## DATA SEGMENT
"""
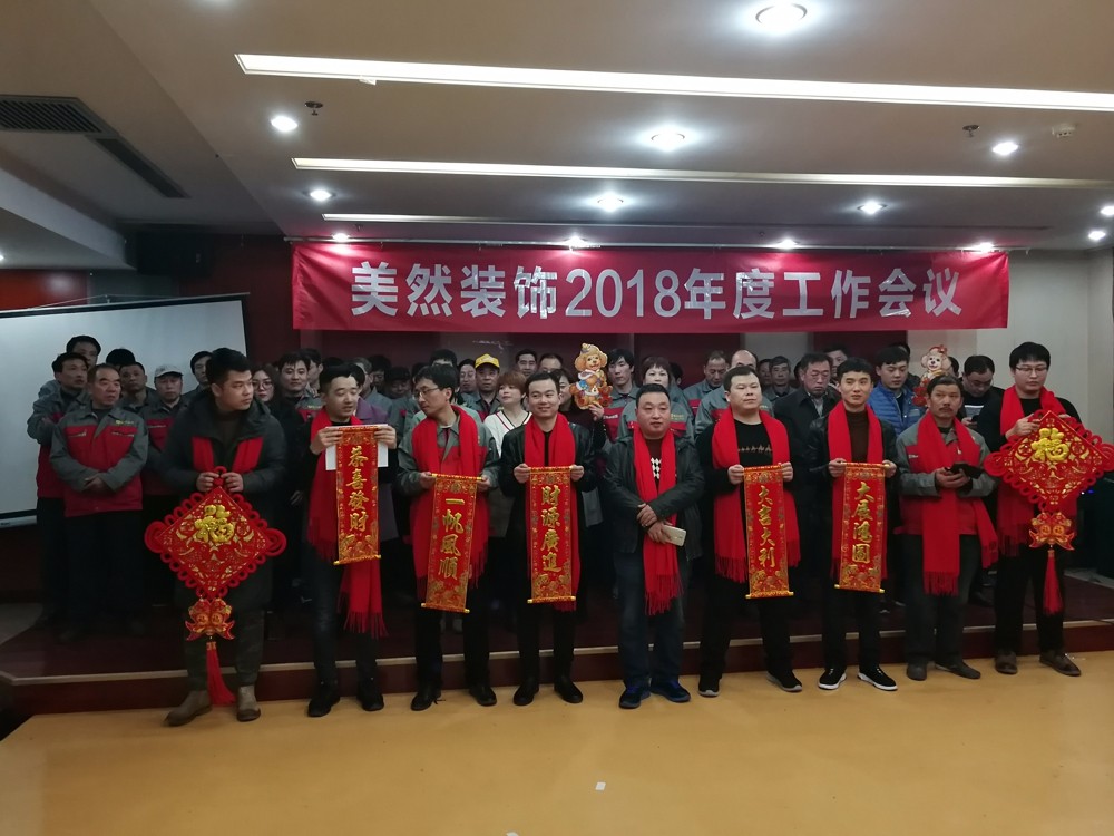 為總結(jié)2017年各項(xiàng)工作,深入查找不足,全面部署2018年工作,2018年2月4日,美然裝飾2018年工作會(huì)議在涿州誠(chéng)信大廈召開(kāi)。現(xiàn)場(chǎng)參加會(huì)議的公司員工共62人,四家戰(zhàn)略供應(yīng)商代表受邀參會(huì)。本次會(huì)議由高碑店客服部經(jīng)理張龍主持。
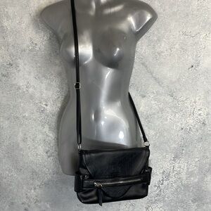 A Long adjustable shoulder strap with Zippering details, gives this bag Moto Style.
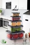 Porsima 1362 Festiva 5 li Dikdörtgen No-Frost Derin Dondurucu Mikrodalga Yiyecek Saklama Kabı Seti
"""
## THE PROBLEM
An exact copy of the data is required, with the pictures excluded.

## EXERCISE ANSWER
 為總結(jié)2017年各項(xiàng)工作,深入查找不足,全面部署2018年工作,2018年2月4日,美然裝飾2018年工作會(huì)議在涿州誠(chéng)信大廈召開(kāi)。現(xiàn)場(chǎng)參加會(huì)議的公司員工共62人,四家戰(zhàn)略供應(yīng)商代表受邀參會(huì)。本次會(huì)議由高碑店客服部經(jīng)理張龍主持。
 A Long adjustable shoulder strap with Zippering details, gives this bag Moto Style.
 Porsima 1362 Festiva 5 li Dikdörtgen No-Frost Derin Dondurucu Mikrodalga Yiyecek Saklama Kabı Seti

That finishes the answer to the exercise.